Segment Open
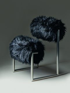 Working out of her own Milanese atelier from the 1950s, Nanda Vigo resolutely pursued a unique, science-fiction-inspired vision, as portrayed in the Due Più (‘two more’) Chair, her most recognizable furniture design. Devised especially for More Coffee, Milan, the frame is made from chromed tubular steel, generously upholstered in faux-fur wool, both materials part of Vigo’s signature repertoire. The juxtaposition combines a reference to the industrial functionality of the Bauhaus with a love of 1960s Pop Art. In 2015, the chair featured in a retrospective of Vigo’s work from the 1960s and 1970s, at SpazioFMG for Architecture, in her home city.
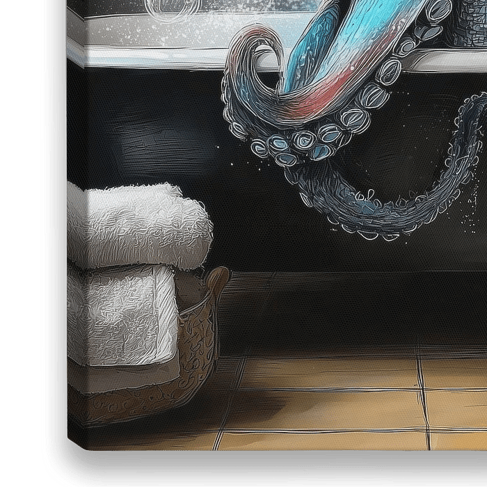 Bestelle das digitale Kunst Bild Oktopus in der Badewanne von JBJart Justyna Jaszke als Reproduktion auf Leinwand, Alu-Dibond, als Poster, Fototapete oder Acrylglasbild.
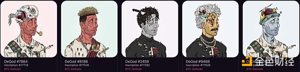 BTC DeGods是Solana上的蓝筹NFT在比特币网络上发行的项目,该NFT系列共有534枚,其中500枚将用于比特币铸造,34枚DeGods用于以DUST代币的形式进行拍卖/抽奖。Magic Eden数据显示,截至5月11日,BTC DeGods的地板价为0.969 BTC,总交易额近84.6 BTC。
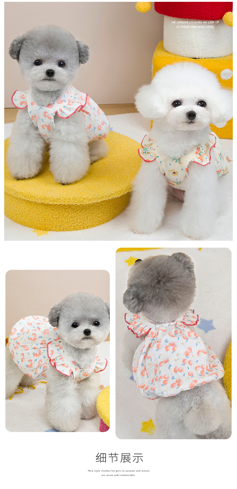 개 옷 봄과 여름 옷 얇은 고양이 공주 꽃 버드 면 원사 슬링 플라잉 슬리브 작은 개 테디 펫 6696스토어 가기
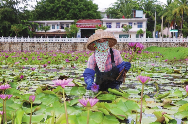 Baoqian village cultivates water lilies, achieving both ecological protection and economic benefits. [Photo/Sanya Daily]
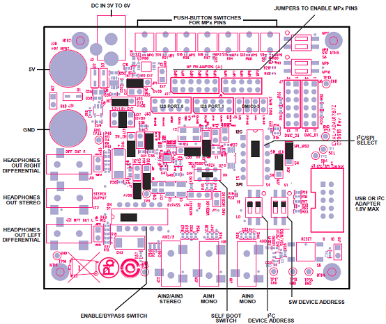 圖7.評估板EVAL-ADAU1787Z PCB設(shè)計(jì)圖(1):頂層裝配
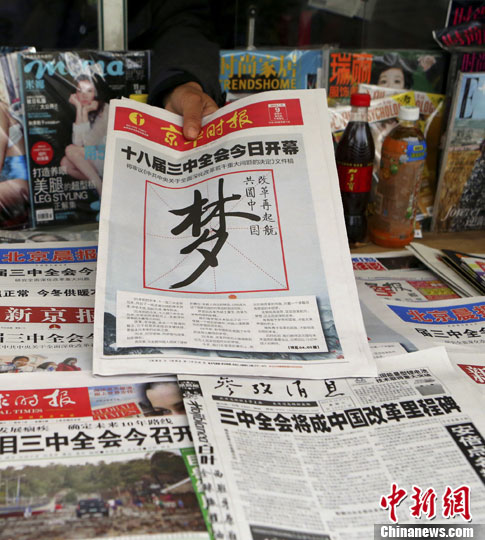 11月9日,北京一個報攤上,多家報紙的頭版都報道了十八屆三中全會當天開幕這一消息。中新社發(fā) 李慧思 攝
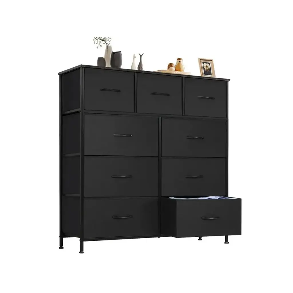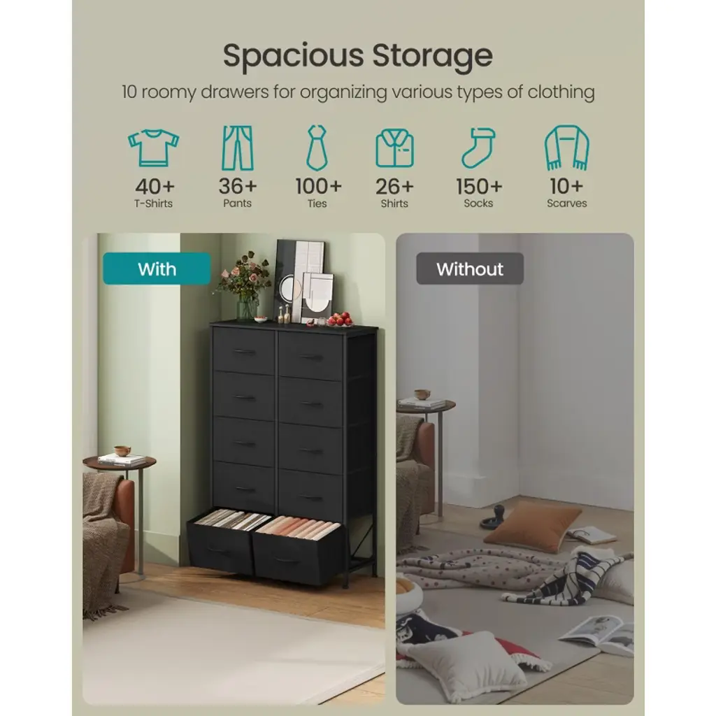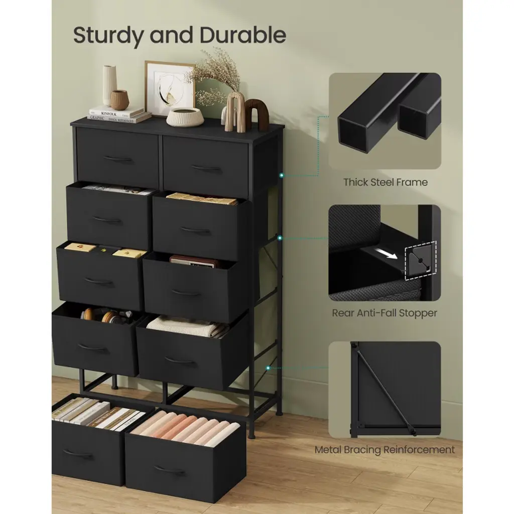 10-drawer Fabric Dresser With Steel Frame, 66 Lb Top Load Chest Of Drawers, Multi-use Storage Organizer, Black
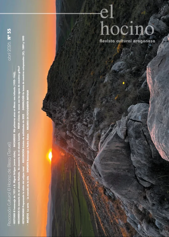 Destacamos en este número: las memorias con que nos enriquecen varios blesinos (Mª Jesús Crespo, o la recientemente fallecida Luz Galve); los relatos de Jorge Aznar y Manuel Val; así como el gran documento fotográfico de la historia de Blesa, historia en gran parte perdida en lo material, que hallarás en las paginas centrales, una fotografía de julio de 1931 con los blesinos presenciando en masa el homenaje a Miguel Artigas Ferrando, director de la Biblioteca Nacional.
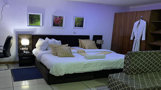 24, Iyala Street, Beside Ikeja Shopping Mall, Alausa-Ikeja, Lagos The guest rooms which are expensively styled to International standard are fitted with refrigerators, flat screen TV, wireless connection, study desk and table, mirror, lamps, centre table, air conditioners, toiletries, water heater, towels and en-suite bathrooms. These rooms are categorised into Belair room, Oxford, Oxford Deluxe room, Long Island and Jersey room.
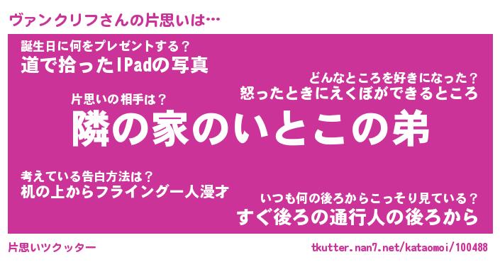 | 胡散臭い通販商品みたいなあだ名 | 『モテモテ間違いなし水晶球…その名も「ヴァンクリフ」』 |
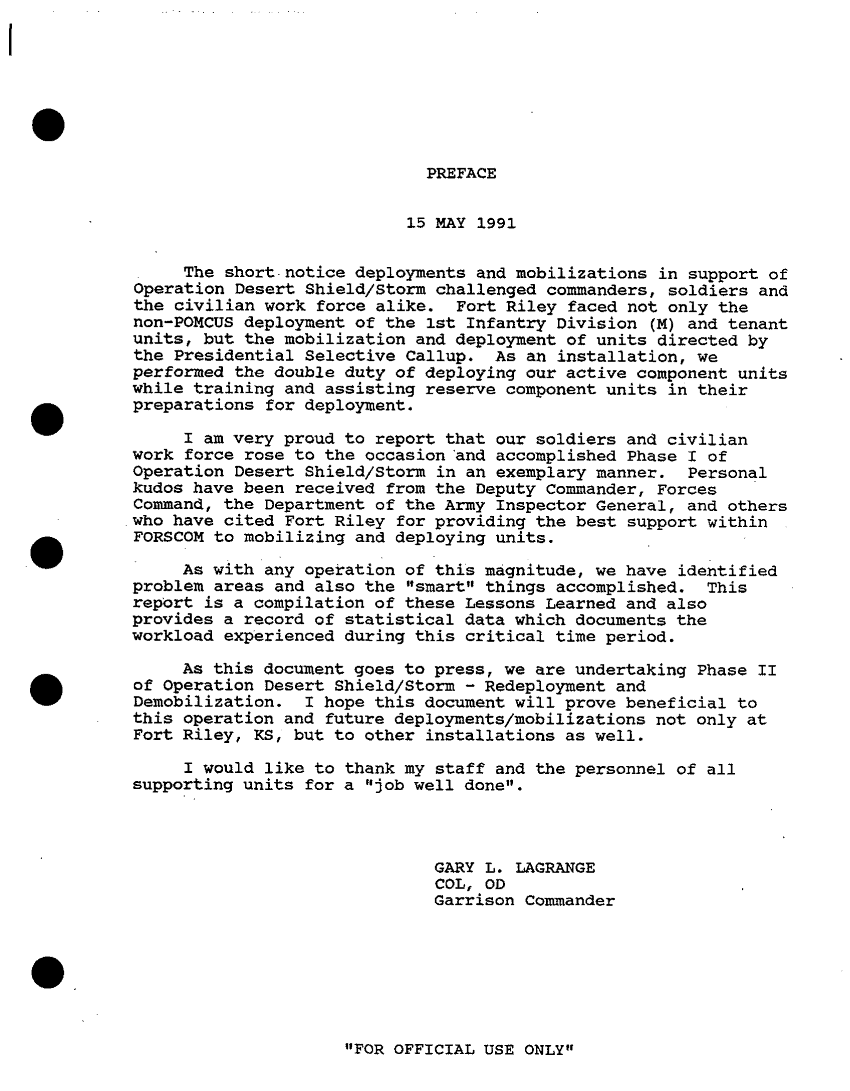 Document 517 f:/Week-26/BX001008/DESERT STORM AFTER ACTION REPORTS/special information for installation after actio:12179611150511
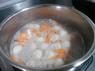 2 、白米洗净后,与鱼丸、猪绞肉、红萝卜一起放入锅中,然后加入适量清水,先以大火煮至沸腾,然后转中火。
Segment Closed
To do
Leaving every picture out, write out exactly the lines from the one that holds "Document 517 f:/Week-26/BX001008/DESERT" through the end of the listing, both included.

Response
 Document 517 f:/Week-26/BX001008/DESERT STORM AFTER ACTION REPORTS/special information for installation after actio:12179611150511
 2 、白米洗净后,与鱼丸、猪绞肉、红萝卜一起放入锅中,然后加入适量清水,先以大火煮至沸腾,然后转中火。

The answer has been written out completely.